What's the basic idea behind the optimization algorithm?

------
Trufa
If you live in europe I recommend this app:

[https://play.google.com/store/apps/details?id=org.bikecitygu...](https://play.google.com/store/apps/details?id=org.bikecityguide)

<https://itunes.apple.com/at/app/bikecityguide/id517332958>

It's a navigation system specially designed for bikes, it takes into account
how flat is the rout among many another things like bicycle lanes, speed and
safety, it's really quite cool.

Disclaimer:I work for them!

------
willthames
If I plot a route from Hyde and Bay to 6th and Mission, it routes me over Nob
Hill. If I change it two streets to 4th and Mission, it routes me around the
Embarcadero, which is much flatter. Is there a reason it takes the more direct
(less flat) route in the first instance?

Having played around, the route given seems to vary slightly as I move an
endpoint slightly at either end and then massively recalculate - perhaps it
caches certain segments and favours those?

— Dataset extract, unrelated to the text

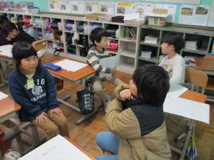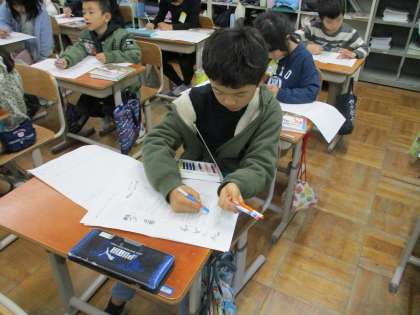 国語科「馬のおもちゃの作り方」の学習では、分かりやすい説明の工夫を探しました。自分たちが馬のおもちゃを作ったときに、実際に作業したことが書かれている文に線を引いて確かめました。センチメートルや個数を詳しく書くことや「まず」「つぎに」と順序だてて文章を書くことなど、友だちと相談しながらたくさんの工夫を見つけていました。

Just curious really, it's a cool idea!

------
lnanek2
Haha, we could really use this sort of custom routing in NJ for finding the
route using the fewest roads. If I use Google Maps to go to the local mall,
Costco, etc. it ends up using about 16 small side roads, alternating left and
right turns every block. Takes forever. Meanwhile, if you know what you are
doing you can make it there in 3 roads, one a major highway, which is much
faster than any of the side roads Google Maps loves so much. Just getting rid
of all the turns helps immensely.

------
yaliceme
Thanks for this! Cycling is my preferred way to commute, so I expect this to
come in handy. I just confirmed that my usual work->home route is in fact the
flattest.

------
jayunit
Awesome! Boy, this graph highlights why my evening commute (SoMa to Noe) is
killer in comparison to the morning commute.

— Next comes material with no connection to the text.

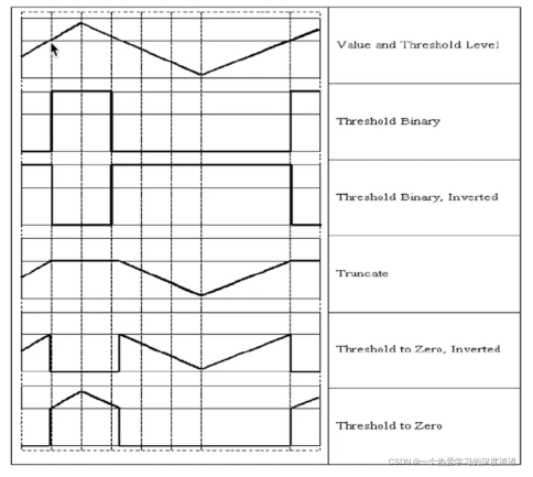 img:最好是灰度图像thresh:阈值maxVal:超过阈值,替换为maxValtype:有几种类型,THRESH_BINARY为二值化的类型

PS My wife is in Hackbright as well, it is an exciting time in the program
(for other HNers, it's the last week of the current cohort). I heard about
FlattestRoute a few weeks back, it looks really great!

------
stevewilhelm
The length of the route is affecting the slope of each segment.

For example, Bolinas, CA to Vacaville, CA has steeper segments than the
Bolinas, CA to Dixon, CA even though they take the exact same route out of
Marin and Sonoma.

The extreme example, Bolinas, CA to Boston, MA never gets above a four percent
slope.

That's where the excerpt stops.